Multimodality therapy in subclassified stage IIIA-N2 non-small cell lung cancer patients according to the Robinson classification: heterogeneity and management.

J Thorac Dis 2018 Jun;10(6):3585-3594

Department of Thoracic Surgery, University Medical Center Regensburg, Franz-Josef-Strauss-Allee 11, 93053 Regensburg, Germany.

Background: Non-small cell lung cancer (NSCLC) with mediastinal lymph node involvement (N2) is a heterogeneous entity. The objective of this analysis is to investigate the results of treatment strategies for N2-positive patients.

Methods: Retrospective study (2009-2014) of 104 consecutive patients with stage IIIA-N2 NSCLC classified according to the Robinson classification (IIIA1-IIIA4) and treated within a multimodality treatment regime.

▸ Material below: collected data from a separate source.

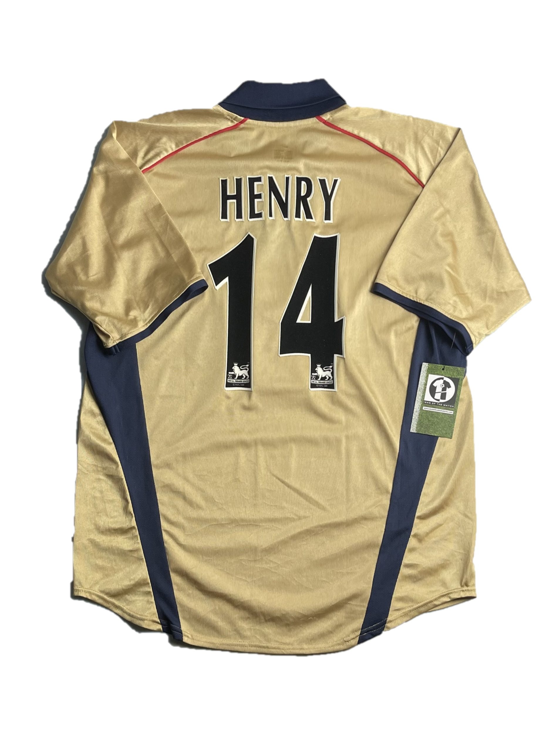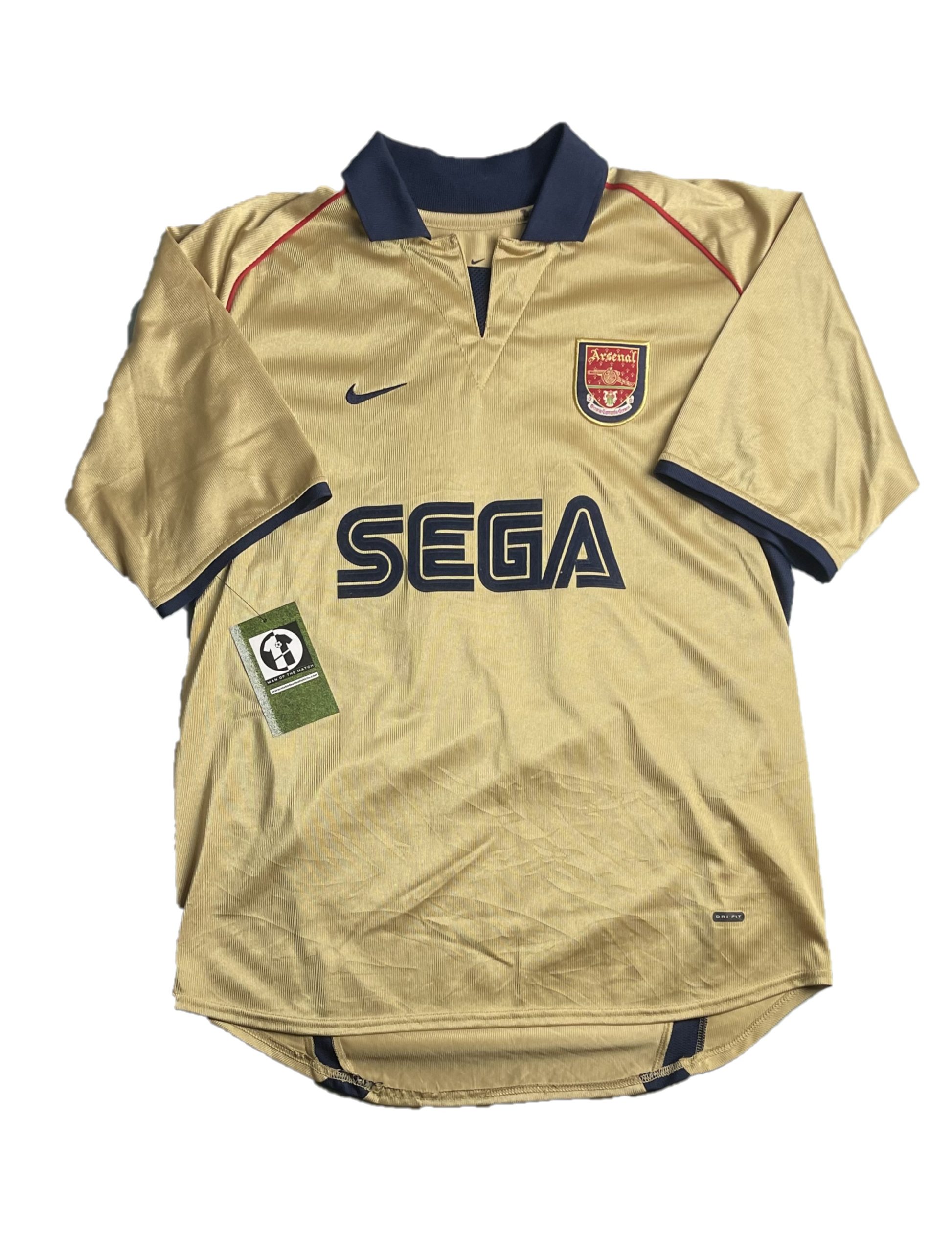Away shirt as worn during the historic 2001/02 Double-winning campaign, a season that saw Arsenal reclaim the Premier League title and lift the FA Cup. The design is famously rendered in a metallic “Gold” with navy accents, featuring the iconic “SEGA” sponsorship that defined the club’s look at the turn of the millennium. This kit is forever etched into Gunners folklore as the shirt worn at Old Trafford when Sylvain Wiltord’s strike secured the league title on enemy territory, capping a season of dominance led by the French flair of Thierry Henry and Robert Pires.
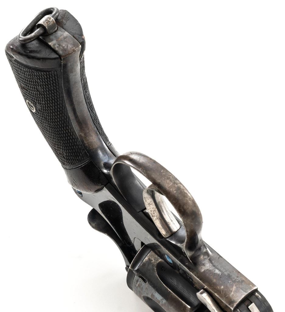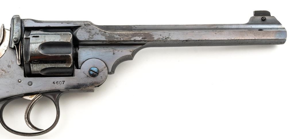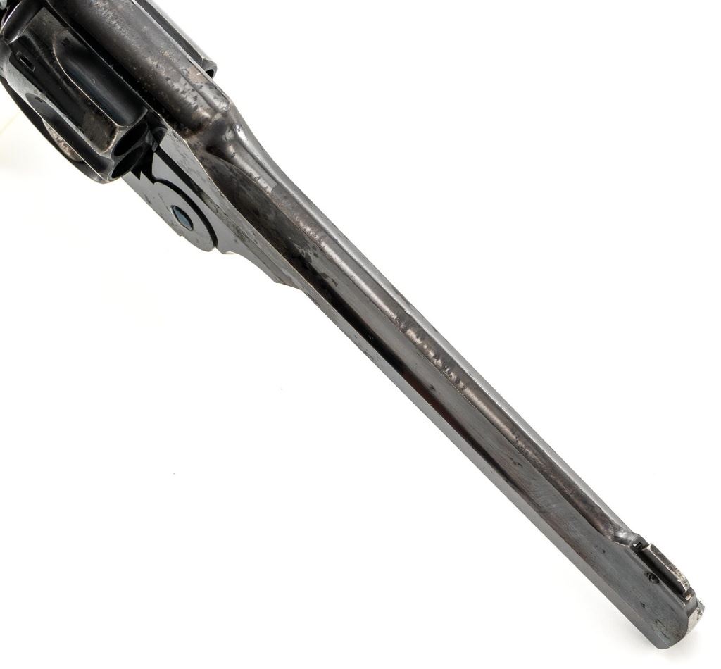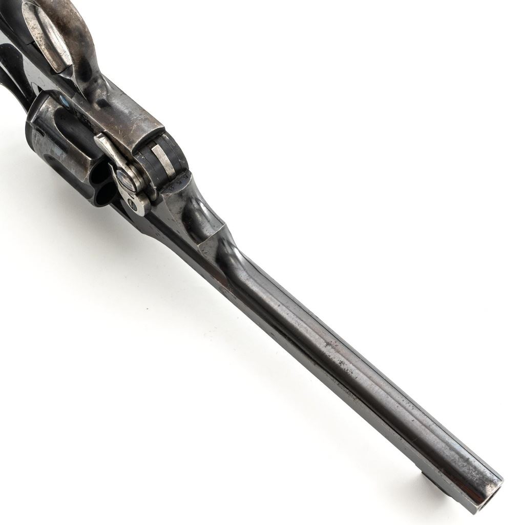 Webley WG Army Double Action Revolver, #4607, .45 ACP cal., 7.5" flat sided barrel, blued finish with bright hammer, trigger, and cam mechanism; checkered walnut grips, pinned blade front sight, fixed rear sight with "U"-notched groove, with swiveling lanyard loop. Left side of the frame marked "WEBLEY PATENTS" with a "(Winged Bullet)/W&S" trademark logo. Left side of the barrel is stamped with a crowned "BV" view stamp. No other markings except serial number. Barrel is numbered but does not match. Revolver was importer converted to .45 ACP cal. by machining off the rear of the cylinder. Condition overall is very good, retaining approx. 70% blue, showing general flaking, and patina. Grips appear to be period replacements and have been reshaped along the lower outside edge, now with general handling marks and flattening to the checkering detail. Action locks up, cycles, and extracts smoothly. Bore and chambers have some scattered spots of patina, rifling is good. Est.: $800-$1,100. (C&R)
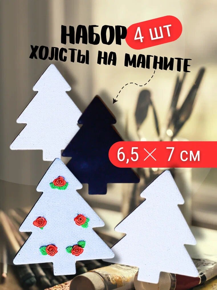 10 цен на Мини холсты на магните Axler ART, набор 4 шт, елка, 6,5х7,5 см
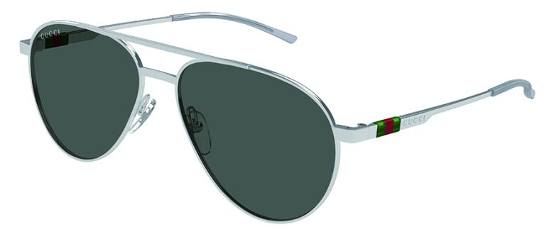 구찌의 테니스 캠페인 라인인 'GG1679S' 모델은 메탈 소재의 더블 브릿지 파일럿 선글라스다. 템플에 레이저로 각인된 구찌 로고와 웹 스트라이프 디테일이 브랜드의 아이덴티티를 더한다.
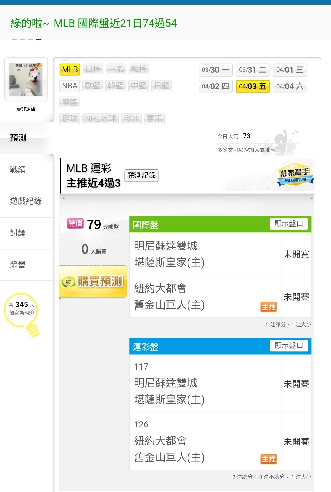>> MLB 運彩 主推近4過3
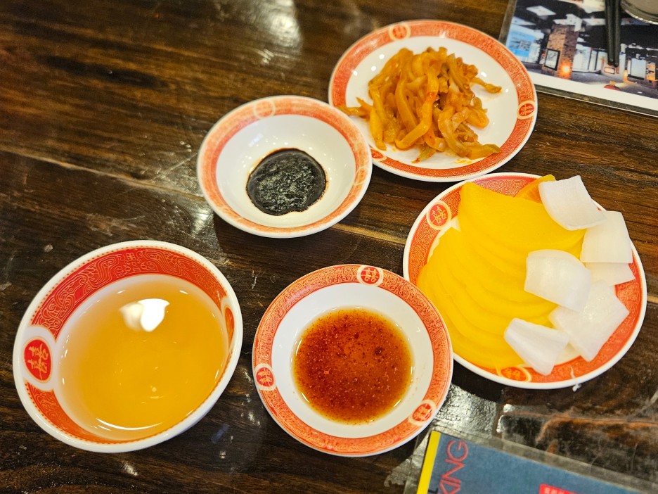 재스민 차, 단무지와 양파, 춘장, 짜샤이. 짜샤이는 별로다. 짜다.

Results: The Robinson subgroups were: IIIA1 (n=27), IIIA3 (n=60) and IIIA4 (n=17). We had no stage IIIA2 samples because we did not perform an intraoperative frozen section of lymph nodes. Surgical resection with systematic lymph node dissection was performed in all patients with stage IIIA1 (n=27). After chemotherapy or chemo-/radiotherapy, 53.3% of patients in stage IIIA3 (n=32) and 11.7% of patients in stage IIIA4 (n=2) underwent surgery with curative intention. R0 was achieved in 92.6% in stage IIIA1, 93.8% in stage IIIA3 and 100% in stage IIIA4. The 30-day mortality was 3.2%. The overall median survival was 31.7 months (5-year survival was 30.5%). There were no significant differences (P=0.583) in survival regarding the Robinson subgroups. Patients who underwent tumour resection had significantly better median survival (39.8 19.6 months; P=0.014) compared to patients treated conservatively. Deviation from the interdisciplinary recommended therapy (12%) led to a reduced median survival (11.4 31.8 months; P=0.137).

Conclusions: N2-patients should be subclassified according to the Robinson classification and discussed in the tumour board. Surgical resection should be recommended in specific cases of N2-disease (non-bulky, sensitivity to systemic treatment).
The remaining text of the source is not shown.